Who: This app is ideal for students who are at Stage 2 or 3 of language development. It’s wonderful for both speaking students, and students who use AAC. See the AAC Language Lab for Stages and outcomes:
AAC Language Lab

Below are samples of communicative functions and sentence forms that you might model and prompt:
a. Requesting: Students can make requests such as: let me; let me do it; my turn; I want to
b. Directing: Students who can’t complete the motor skills can direct the actions of friends, such as: make it go; turn it; do it . . . now! stop!
c) Commenting: This app just begs for comments such as Wow! Yikes! Look! Did you see? That’s cool!

Where: This app is great for students at home or school, individually, or in small groups.

How: Try this approach:
a) Set it up to accept sound effects and enable swipe
b) Start turning the page and playing
c) Note: The secret is to withhold the actions until the student requests or directs (or to model requesting, directing first). Model commenting after fun actions.
d) Note: Remember: pressing on the goggles will let you ‘Look Under’ or ‘Look behind’ to see how they make the pop-ups work
e) Enjoy!
Submitted by: Dr. Caroline Ramsey Musselwhite
Ideas from Others:
I have become quite spoiled, rarely downloading an app more than $1.99, but this one is well worth it. It is highly supportive of:
• language use
• motor skills

This is highly motivating for students from preschoolers through elementary school.
Glitter Draw
I love using this app as a blackboard. Students enjoy picking the colors to draw with. I always start with bold colors and offer a chance to add glitter after we finish. I used this for a reading comprehension task with a 3rd grade student last week in a one-on-one session in the therapy room. I asked him to predict which animals would appear in the "Brown Bear, Brown Bear" story by Eric Carle.
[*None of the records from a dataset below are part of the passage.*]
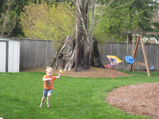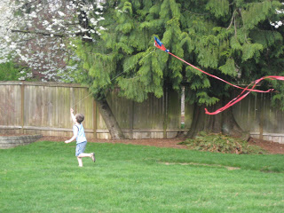 It was a beautiful sunny day and so the boys got to play outside in our backyard with the blossoms blooming above them. Then we started out on a bike ride only to realize that it was maybe just windy enough for the kites I’d been saving for a windy day. We pulled them out and tried to find a big field nearby but all were taken and the wind just wasn’t very strong so I told them I was giving up. Catastrophe-note to self-just let them try it even when there is no wind. They begged and pleaded to go out in the back yard to try them and lo and behold they worked BEAUTIFULLY. They had a great time running around and around the yard with their Spiderman and Transformer kites blowing in the breeze behind them. Mr. President took every opportunity to point out that he had been right about trying them even without much wind and that I’d been wrong and later informed me of this deep insight; “The weathermen are right most of the time but they’re wrong some times just like Moms are right most of the time but wrong some times. Though his grandmother Wesel will roll over in her not even dead yet grave, it is true that he’s already figured that little secret out. And today I was thrilled to be wrong just to see the glee on their faces as they ran themselves silly in the wind.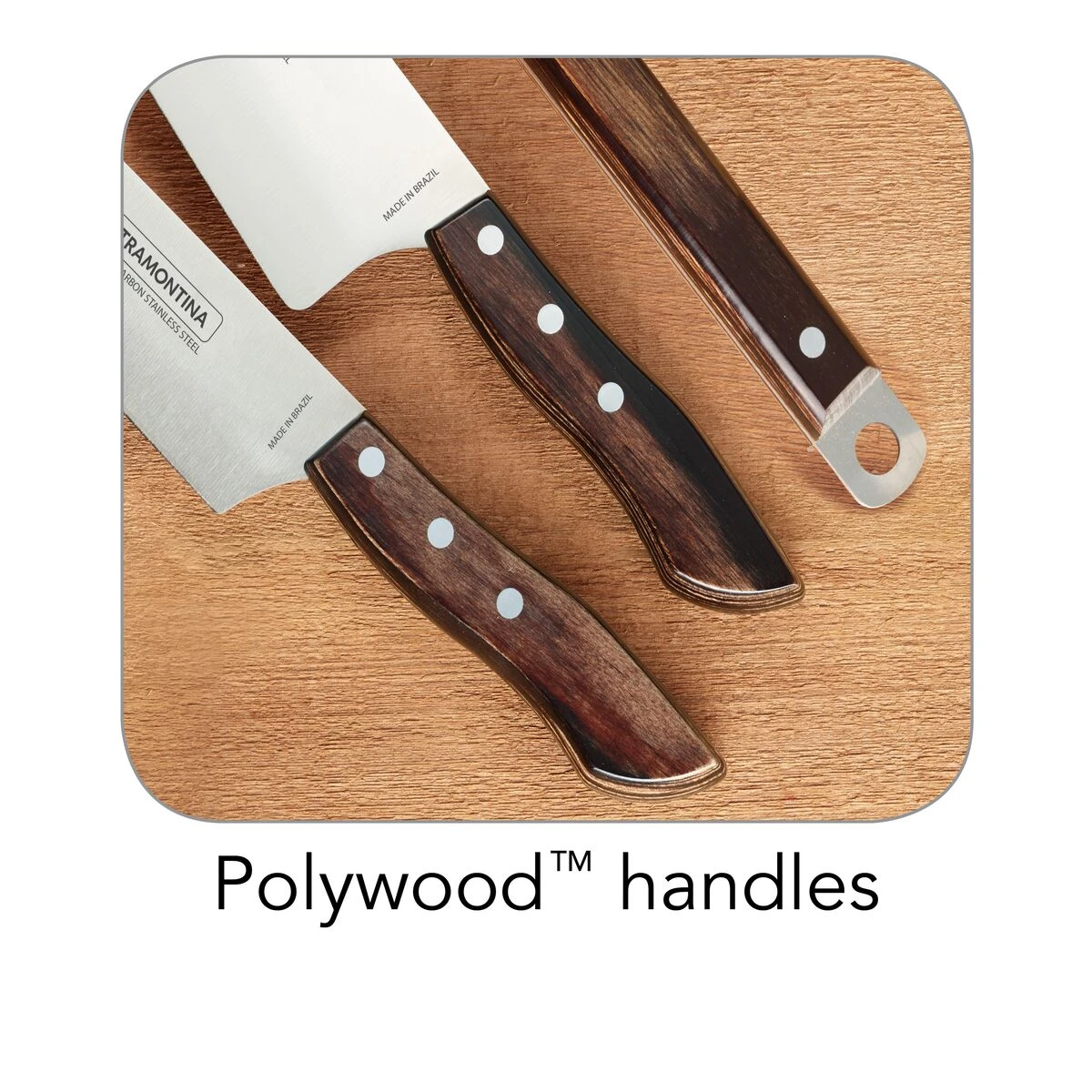 The Tramontina Churrasco bundle includes a 2 Pc Chef”s Knife Set and Grill Fork. The Churrasco 2 Pc Chef”s Knife Set offers essential kitchen cutlery for professional and home cooks. The 8 in and 10 in chef knives feature stain-free, high-carbon steel blades with dark brown polywood handles. The versatile design is suitable for chopping, dicing, mincing, and more, thanks to heat-treated, tapered-ground fine edge blades that ensure precise cutting. The bundle also includes a Tramontina Churrasco Grill Fork with heat-treated, high-carbon stainless steel tines and an ergonomic, polywood handle secured by two solid alloy rivets. Durable and handsome, it”s a must-have for grilling aficionados.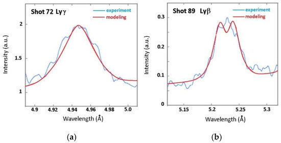 Let us consider the experimental profiles of Si XIV Lyγ, produced in an interaction with a single laser pulse with initial laser intensity at the surface of the target estimated as 1.01 × 1021 W/cm2 (black trace in Figure 1b), and Si XIV Lyβ, produced in an interaction with a single laser pulse with initial laser intensity at the surface of the target estimated as 0.24 × 1021 W/cm2 (blue trace in Figure 1b) [12]. For these profiles the peak-intensity contrast ratio was 109. We mention that L-dips were not observed in the experimental profile of Si XIV Lyβ line in the black trace Figure 1b. It seems that a process of self-absorption of radiation prevented L-dips from being visible in this line. We note that without the self-absorption the Lyβ line would show a relatively deep central minimum (related not to the the L-dips, but to the structure of the Stark splitting of this line) and shallow L-dips. The self-absorption completely washes out the L-dips but does not completely washes out the central minimum: it just makes it shallow instead of being relatively deep. As for the Lyγ line in the black trace Figure 1b, at the possible locations of the L-dips, the experimental profile already merged into the noise.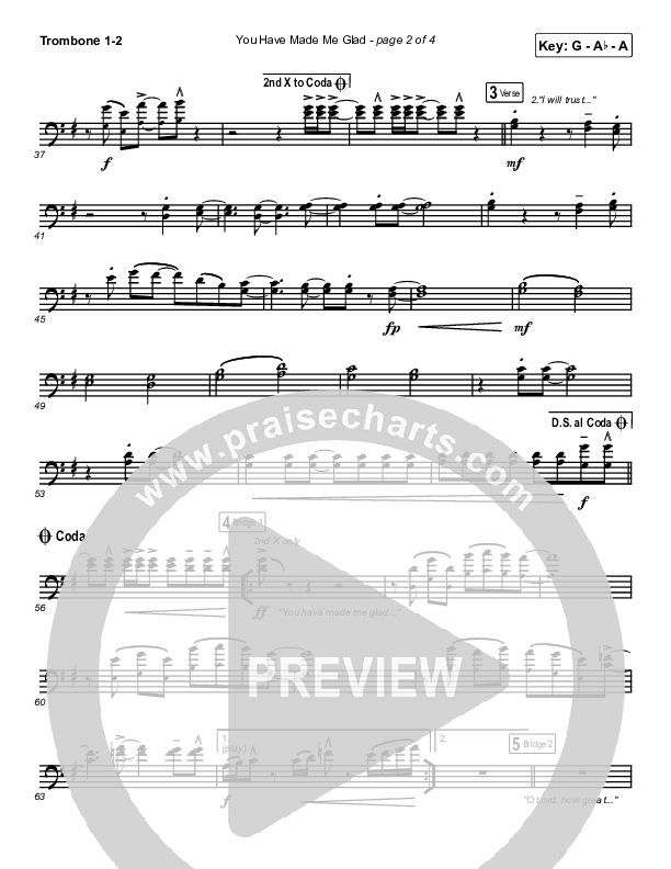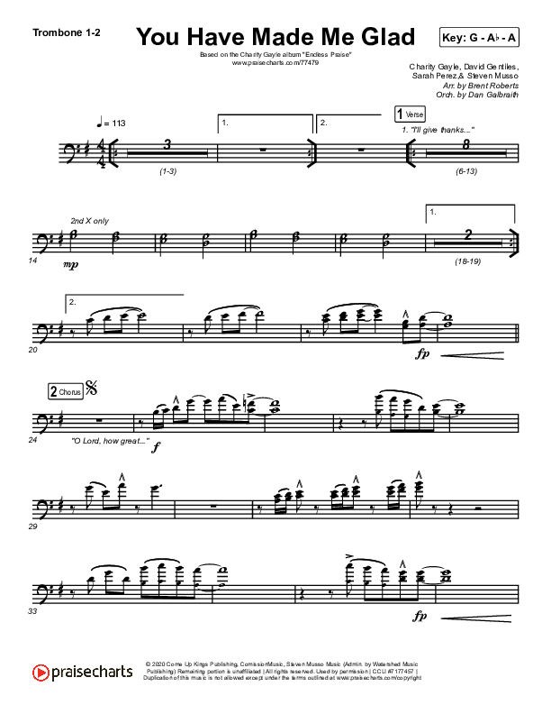 Download the Trombone 1,2 sheet music for You Have Made Me Glad by Charity Gayle, from the album Endless Praise. This song was arranged by Brent Roberts / Daniel Galbraith in the key of G, Gb.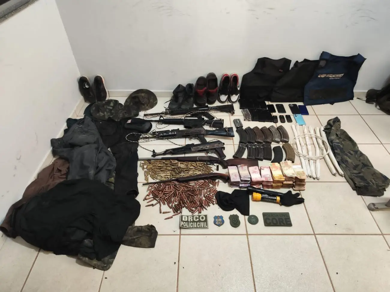 Com a quadrilha, a Polícia apreendeu 6 armas de fogo (sendo 4 fuzis e 2 espingardas), mais de 400 munições de grosso calibre, 21 carregadores de armas, explosivos, 2 coletes balísticos, R$ 70 mil em espécie, 8 aparelhos celulares e lanternas.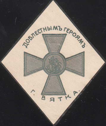 1916 1916 г. 26.11.1916 г. Ромб разм. 60 х 71 мм. Двухцветная печать на белой бумаге. В центре георгиевский крест. Сверху полукругом текст: «Доблестным героям». Внизу полукругом текст: «г. Вятка».

He used a communication book with animal symbols to predict which animals would be in the story. After he selected an animal, I wrote the name of three animals using a colored pen. As we read, he found one of the animals listed, so he circled it with a different color. He also drew a line through an animal that did not appear in the story.
This app also allows you to use photos from your album as a background. I used this in a middle school self-contained small group art/language activity. I imported faces of students and we drew on long/short, curly/straight hair. We found more background colors than colors of pens, and were unable to draw with brown. This may have been because I was cheap and didn't pay the $1.99 for the full app.

Submitted by: Deanna K. Wagner, MS/CCC-SLP
Ideas from Others:
I am cheap, so I have the FREE version. That means, when I am connected to a WIFI signal annoying adds popup at the top. They are very obvious on a black background
$1.99 or FREE
All About You All About Me Fun deck from SuperDuper
I use this app with my social skills group to practice asking and answering questions. You can add "players" and keep track of data (+/- only) as you go through the questions. You can also select which questions to ask. When you touch the screen, the question is read aloud, and you can swipe to change the question.

Submitted by: Victoria Riggs, M.S., CCC-SLP
Ideas from Others:
I love how many questions are included in this app and that there is auditory feedback. The only downfall is that the images are cartoons and may seem immature for older students.